Direct trading among the Chilean, Colombian and Peruvian stock exchanges will be delayed from an originally expected late-January start date, as the testing period for the merger of the three bourses will be extended until March, the Santiago Stock Exchange said Monday.
The delay comes after the Lima Stock Exchange suspended its participation in the merger with its two South American counterparts as it waited for Peru’s government to standardize capital gains taxes at 5%.
The integrated market, known as MILA, began a test period on Nov. 22 and was originally slated for completion by the end of January.
The stock market in Lima suspended its participation in the merger on Dec. 20 and restarted the integration process Jan. 3 after Peru’s Congress decided the prior week to lower capital gains taxes to 5%.
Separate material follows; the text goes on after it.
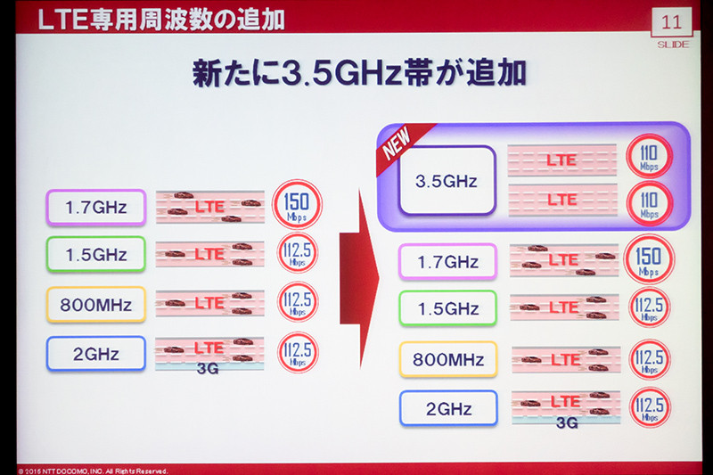 ただし、800MHzは依然として3G(W-CDMA方式、FOMA)でも使われているため、フルLTE化は新宿などの一部エリアのみでそれ以外のエリアは受信時最大337.Mbpsとなる。なお、800MHzをフルLTE化したエリアでも3Gがきちんと使えるように配慮していく。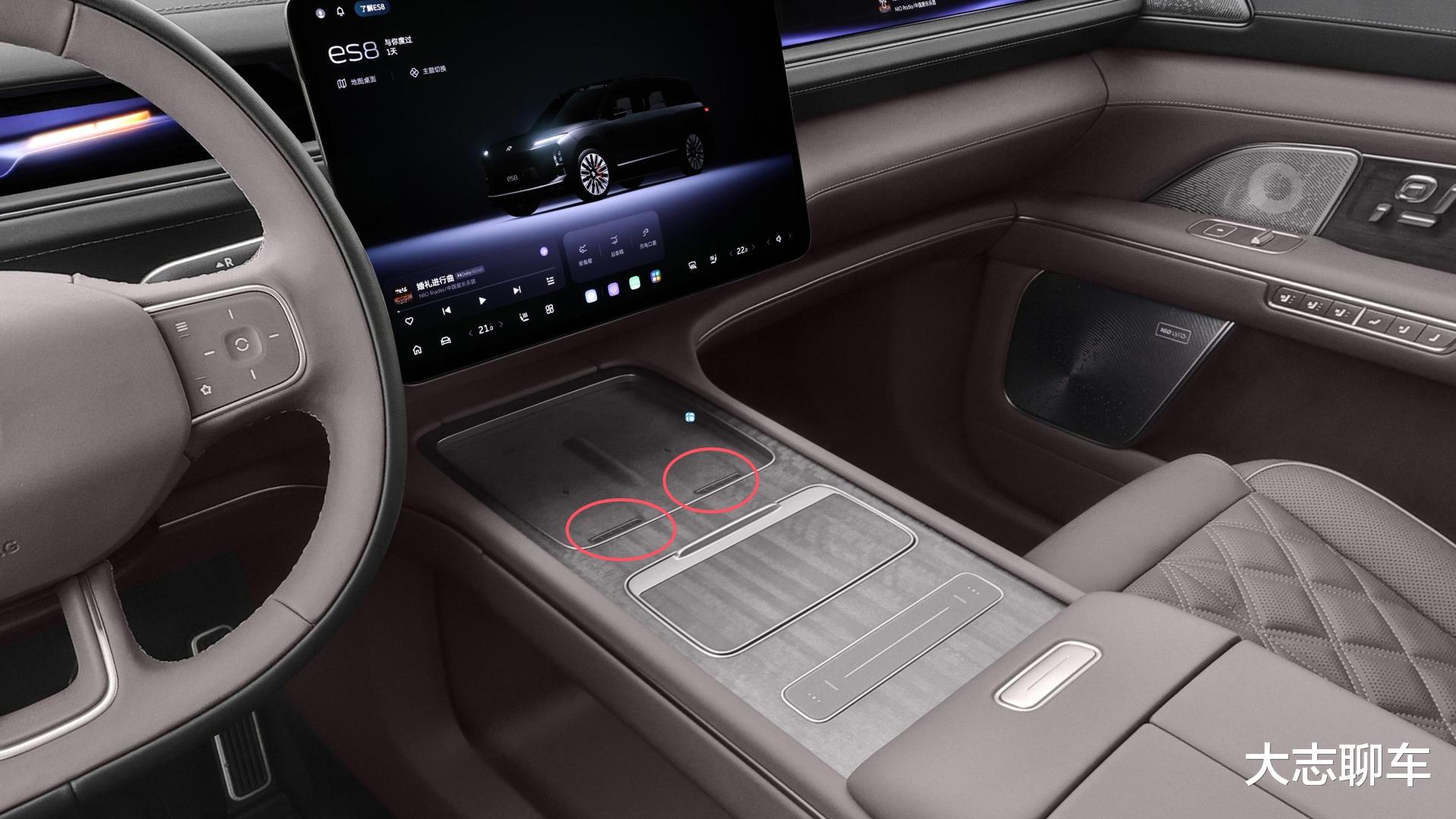 第二点:无线充有出风口,蔚来ES8的无线充有个硬伤,那便是手机充久后会发烫,为了解决这个事情,蔚来就想到了一个解决办法,那便是给无线充也加装了一个空调出风口,利用空调来给手机降温,避免手机长时间充电发烫的问题。

“MILA’s executive committee will meet at the beginning of March to evaluate the results of this additional round of tests, define a new period for a dry run for all participants and set a new date for startup of the MILA,” the Santiago Stock Exchange said.
Once complete, MILA will be Latin America’s largest stock exchange in terms of companies listed and second-largest by market capitalization, at less than half the size of Brazil’s. It will have 563 listed companies, market capitalization of some $614 billion–compared to Brazil’s $1.5 trillion–and an estimated initial daily trading volume of about $300 million.